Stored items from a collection

•••••

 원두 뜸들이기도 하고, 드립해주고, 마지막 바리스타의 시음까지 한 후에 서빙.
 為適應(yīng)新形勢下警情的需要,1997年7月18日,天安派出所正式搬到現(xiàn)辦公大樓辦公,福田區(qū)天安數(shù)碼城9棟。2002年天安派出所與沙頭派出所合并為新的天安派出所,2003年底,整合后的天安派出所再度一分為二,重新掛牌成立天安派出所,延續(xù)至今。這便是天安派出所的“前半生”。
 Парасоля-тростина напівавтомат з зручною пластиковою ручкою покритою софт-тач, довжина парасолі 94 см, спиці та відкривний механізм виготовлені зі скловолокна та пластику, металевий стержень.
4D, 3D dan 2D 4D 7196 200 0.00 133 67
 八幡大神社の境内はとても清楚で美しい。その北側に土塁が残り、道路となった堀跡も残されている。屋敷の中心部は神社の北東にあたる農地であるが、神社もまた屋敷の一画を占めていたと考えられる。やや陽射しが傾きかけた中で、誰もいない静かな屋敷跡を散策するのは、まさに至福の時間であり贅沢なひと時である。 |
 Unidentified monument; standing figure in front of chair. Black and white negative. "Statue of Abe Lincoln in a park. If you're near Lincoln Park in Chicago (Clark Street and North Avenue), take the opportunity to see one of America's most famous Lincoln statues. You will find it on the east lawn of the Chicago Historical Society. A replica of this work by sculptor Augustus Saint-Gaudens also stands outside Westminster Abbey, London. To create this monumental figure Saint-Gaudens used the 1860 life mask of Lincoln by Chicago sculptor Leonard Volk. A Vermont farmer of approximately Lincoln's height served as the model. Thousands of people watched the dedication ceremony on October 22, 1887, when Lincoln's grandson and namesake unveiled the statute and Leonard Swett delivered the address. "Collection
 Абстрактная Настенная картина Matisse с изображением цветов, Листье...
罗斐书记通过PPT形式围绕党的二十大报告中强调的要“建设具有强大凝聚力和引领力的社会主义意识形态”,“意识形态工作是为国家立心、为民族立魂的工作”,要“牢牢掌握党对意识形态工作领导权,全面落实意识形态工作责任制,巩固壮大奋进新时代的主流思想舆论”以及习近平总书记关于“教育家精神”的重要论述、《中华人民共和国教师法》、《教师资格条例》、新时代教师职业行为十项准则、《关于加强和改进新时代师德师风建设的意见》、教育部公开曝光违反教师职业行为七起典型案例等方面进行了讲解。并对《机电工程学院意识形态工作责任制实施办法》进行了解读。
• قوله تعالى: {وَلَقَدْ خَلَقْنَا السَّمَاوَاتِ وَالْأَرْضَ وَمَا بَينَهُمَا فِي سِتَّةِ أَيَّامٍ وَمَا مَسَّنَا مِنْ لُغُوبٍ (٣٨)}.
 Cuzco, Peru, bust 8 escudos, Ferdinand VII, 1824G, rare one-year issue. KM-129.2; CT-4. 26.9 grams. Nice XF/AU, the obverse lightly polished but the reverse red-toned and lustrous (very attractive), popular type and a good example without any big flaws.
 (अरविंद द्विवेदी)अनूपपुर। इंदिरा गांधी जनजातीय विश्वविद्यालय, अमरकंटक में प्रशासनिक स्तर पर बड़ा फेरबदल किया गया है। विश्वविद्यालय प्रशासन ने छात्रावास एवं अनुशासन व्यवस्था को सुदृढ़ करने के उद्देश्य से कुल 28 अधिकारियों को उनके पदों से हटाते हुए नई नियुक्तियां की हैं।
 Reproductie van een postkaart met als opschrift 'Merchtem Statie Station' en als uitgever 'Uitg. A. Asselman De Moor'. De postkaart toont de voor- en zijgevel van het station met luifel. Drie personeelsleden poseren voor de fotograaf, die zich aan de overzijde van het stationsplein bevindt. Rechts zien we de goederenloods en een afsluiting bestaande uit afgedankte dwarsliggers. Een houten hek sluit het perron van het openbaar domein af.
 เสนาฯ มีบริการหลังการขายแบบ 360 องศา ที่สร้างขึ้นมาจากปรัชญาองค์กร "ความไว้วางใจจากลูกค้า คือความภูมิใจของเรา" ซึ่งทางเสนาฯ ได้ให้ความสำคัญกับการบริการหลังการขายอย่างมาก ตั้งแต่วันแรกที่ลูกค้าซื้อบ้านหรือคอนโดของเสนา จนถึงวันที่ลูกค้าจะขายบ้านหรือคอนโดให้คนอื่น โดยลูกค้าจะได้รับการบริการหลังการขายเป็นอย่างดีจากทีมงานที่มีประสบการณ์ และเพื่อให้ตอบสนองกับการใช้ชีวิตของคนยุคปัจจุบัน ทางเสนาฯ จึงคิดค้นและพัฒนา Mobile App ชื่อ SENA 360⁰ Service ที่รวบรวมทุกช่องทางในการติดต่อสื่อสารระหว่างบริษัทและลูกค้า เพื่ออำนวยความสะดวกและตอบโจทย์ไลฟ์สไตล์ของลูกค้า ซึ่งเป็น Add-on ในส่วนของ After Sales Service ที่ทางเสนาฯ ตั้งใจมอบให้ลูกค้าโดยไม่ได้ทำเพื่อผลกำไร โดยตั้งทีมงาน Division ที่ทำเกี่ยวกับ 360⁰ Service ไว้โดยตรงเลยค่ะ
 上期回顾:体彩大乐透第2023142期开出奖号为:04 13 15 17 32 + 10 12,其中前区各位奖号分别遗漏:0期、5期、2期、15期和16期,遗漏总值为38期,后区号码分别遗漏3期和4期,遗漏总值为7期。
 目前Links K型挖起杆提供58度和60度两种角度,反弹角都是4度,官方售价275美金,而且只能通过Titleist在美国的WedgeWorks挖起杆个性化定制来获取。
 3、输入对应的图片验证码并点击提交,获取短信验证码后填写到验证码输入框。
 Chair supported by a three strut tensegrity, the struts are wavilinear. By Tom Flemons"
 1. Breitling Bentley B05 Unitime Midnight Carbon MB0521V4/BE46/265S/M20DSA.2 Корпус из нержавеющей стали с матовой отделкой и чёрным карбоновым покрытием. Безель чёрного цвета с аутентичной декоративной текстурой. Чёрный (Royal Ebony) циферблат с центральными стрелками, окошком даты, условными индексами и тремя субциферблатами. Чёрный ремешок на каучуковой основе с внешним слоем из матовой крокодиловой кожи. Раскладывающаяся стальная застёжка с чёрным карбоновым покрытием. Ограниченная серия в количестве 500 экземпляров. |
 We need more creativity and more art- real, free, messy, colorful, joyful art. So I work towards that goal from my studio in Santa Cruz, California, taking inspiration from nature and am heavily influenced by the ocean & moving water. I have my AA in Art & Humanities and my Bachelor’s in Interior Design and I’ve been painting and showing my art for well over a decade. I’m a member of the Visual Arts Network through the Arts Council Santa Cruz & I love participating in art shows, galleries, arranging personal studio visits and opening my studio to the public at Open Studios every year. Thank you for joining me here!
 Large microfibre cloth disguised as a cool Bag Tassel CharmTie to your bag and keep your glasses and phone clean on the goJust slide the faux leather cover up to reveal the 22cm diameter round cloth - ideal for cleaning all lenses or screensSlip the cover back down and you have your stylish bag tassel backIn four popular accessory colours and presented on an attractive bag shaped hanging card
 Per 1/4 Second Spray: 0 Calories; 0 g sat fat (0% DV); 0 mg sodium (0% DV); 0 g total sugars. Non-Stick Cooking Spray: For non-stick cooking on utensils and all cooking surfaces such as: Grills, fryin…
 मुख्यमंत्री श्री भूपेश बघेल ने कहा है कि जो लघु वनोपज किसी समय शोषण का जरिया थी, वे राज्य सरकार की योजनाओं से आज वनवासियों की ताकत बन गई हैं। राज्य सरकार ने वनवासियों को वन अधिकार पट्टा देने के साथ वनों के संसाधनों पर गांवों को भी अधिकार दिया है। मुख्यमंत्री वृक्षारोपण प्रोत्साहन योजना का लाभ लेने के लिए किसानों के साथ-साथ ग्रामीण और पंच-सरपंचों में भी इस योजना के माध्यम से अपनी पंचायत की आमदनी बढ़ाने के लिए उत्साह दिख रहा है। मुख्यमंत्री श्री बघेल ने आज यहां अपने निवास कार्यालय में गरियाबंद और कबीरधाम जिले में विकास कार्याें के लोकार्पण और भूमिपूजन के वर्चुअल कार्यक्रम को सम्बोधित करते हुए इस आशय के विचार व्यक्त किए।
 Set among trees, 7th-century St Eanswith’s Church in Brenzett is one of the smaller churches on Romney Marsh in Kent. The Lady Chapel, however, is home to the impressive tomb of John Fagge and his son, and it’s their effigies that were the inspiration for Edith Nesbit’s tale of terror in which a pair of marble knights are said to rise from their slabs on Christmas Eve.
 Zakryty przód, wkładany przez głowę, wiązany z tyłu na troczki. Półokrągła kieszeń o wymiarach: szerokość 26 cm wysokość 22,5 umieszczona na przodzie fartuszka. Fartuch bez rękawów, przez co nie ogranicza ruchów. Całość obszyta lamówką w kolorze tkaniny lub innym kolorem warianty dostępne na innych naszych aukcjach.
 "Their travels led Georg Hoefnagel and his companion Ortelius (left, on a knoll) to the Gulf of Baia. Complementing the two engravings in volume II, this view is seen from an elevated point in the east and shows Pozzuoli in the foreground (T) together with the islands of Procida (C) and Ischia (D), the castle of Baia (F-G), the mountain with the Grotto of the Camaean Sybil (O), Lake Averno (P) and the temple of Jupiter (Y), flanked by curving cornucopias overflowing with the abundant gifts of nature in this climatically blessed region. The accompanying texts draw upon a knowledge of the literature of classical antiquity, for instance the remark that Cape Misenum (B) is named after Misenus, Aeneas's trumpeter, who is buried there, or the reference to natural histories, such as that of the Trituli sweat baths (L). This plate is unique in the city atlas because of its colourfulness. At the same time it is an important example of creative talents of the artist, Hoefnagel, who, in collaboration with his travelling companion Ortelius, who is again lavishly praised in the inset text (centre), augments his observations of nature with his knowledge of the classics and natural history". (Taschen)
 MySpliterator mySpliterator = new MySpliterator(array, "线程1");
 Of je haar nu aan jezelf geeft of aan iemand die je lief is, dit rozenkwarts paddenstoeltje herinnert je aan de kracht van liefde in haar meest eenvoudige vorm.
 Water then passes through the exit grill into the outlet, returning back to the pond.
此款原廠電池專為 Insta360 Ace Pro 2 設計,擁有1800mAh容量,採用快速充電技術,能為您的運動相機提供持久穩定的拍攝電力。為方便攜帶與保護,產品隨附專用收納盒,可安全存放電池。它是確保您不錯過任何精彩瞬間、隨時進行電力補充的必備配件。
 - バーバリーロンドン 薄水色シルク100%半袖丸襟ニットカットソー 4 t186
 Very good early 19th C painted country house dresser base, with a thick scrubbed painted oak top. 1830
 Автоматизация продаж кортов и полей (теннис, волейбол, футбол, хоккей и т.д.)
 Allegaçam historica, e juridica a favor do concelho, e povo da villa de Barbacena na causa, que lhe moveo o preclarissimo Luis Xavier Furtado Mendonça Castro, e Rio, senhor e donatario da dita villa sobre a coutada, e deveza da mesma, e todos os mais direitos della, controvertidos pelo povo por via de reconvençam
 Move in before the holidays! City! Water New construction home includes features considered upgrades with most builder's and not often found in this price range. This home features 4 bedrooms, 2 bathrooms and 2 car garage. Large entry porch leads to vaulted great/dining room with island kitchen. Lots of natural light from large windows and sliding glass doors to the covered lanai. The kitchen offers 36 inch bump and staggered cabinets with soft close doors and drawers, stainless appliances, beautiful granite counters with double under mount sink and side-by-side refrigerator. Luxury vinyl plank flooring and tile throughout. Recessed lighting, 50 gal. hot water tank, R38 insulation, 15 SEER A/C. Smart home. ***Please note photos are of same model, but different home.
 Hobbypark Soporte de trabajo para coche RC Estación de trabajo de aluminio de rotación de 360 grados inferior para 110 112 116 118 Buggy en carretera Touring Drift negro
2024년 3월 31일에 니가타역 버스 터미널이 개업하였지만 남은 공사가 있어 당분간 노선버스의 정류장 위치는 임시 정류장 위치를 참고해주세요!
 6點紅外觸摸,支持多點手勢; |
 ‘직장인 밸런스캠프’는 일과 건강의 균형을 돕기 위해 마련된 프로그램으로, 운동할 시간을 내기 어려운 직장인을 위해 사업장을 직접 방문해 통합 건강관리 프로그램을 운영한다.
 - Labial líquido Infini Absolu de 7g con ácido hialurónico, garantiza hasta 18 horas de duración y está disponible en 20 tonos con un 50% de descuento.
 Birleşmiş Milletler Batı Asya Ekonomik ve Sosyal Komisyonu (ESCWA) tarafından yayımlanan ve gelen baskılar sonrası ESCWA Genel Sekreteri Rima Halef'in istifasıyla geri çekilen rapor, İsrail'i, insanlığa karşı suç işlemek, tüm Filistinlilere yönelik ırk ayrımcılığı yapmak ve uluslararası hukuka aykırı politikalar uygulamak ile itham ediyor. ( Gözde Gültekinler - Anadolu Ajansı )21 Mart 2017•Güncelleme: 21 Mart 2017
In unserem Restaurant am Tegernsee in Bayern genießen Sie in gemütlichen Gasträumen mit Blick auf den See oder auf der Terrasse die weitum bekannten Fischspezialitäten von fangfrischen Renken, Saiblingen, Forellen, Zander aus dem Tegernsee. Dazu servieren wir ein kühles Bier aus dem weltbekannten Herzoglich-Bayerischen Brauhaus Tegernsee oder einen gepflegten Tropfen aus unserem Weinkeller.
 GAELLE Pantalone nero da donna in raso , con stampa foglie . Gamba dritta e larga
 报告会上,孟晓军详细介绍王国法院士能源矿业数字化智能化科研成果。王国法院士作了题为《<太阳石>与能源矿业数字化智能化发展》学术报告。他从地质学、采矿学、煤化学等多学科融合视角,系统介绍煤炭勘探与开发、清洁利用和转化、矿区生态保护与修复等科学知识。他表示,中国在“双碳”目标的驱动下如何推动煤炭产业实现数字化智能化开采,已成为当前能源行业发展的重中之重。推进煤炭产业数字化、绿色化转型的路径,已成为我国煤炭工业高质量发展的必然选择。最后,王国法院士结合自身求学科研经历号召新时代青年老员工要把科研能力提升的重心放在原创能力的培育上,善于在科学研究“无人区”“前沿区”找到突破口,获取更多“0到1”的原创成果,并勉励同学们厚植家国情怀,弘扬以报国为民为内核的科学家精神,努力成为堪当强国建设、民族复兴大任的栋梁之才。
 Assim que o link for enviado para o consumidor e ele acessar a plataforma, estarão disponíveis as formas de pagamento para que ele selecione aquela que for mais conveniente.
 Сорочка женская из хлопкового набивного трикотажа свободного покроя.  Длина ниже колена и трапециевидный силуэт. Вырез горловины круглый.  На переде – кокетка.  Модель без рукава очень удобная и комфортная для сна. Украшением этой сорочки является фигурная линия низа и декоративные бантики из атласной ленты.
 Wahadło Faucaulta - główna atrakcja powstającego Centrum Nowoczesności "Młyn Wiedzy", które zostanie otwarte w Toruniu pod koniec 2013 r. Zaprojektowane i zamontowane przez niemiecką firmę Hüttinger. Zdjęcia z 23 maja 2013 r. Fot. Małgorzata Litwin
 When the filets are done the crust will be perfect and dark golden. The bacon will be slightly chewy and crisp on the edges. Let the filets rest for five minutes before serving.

•••••

[TASK REQUIREMENTS]
The result is a copy of every line above where the word "para" shows up.

[YOUR RESPONSE]
 Hobbypark Soporte de trabajo para coche RC Estación de trabajo de aluminio de rotación de 360 grados inferior para 110 112 116 118 Buggy en carretera Touring Drift negro
 Assim que o link for enviado para o consumidor e ele acessar a plataforma, estarão disponíveis as formas de pagamento para que ele selecione aquela que for mais conveniente.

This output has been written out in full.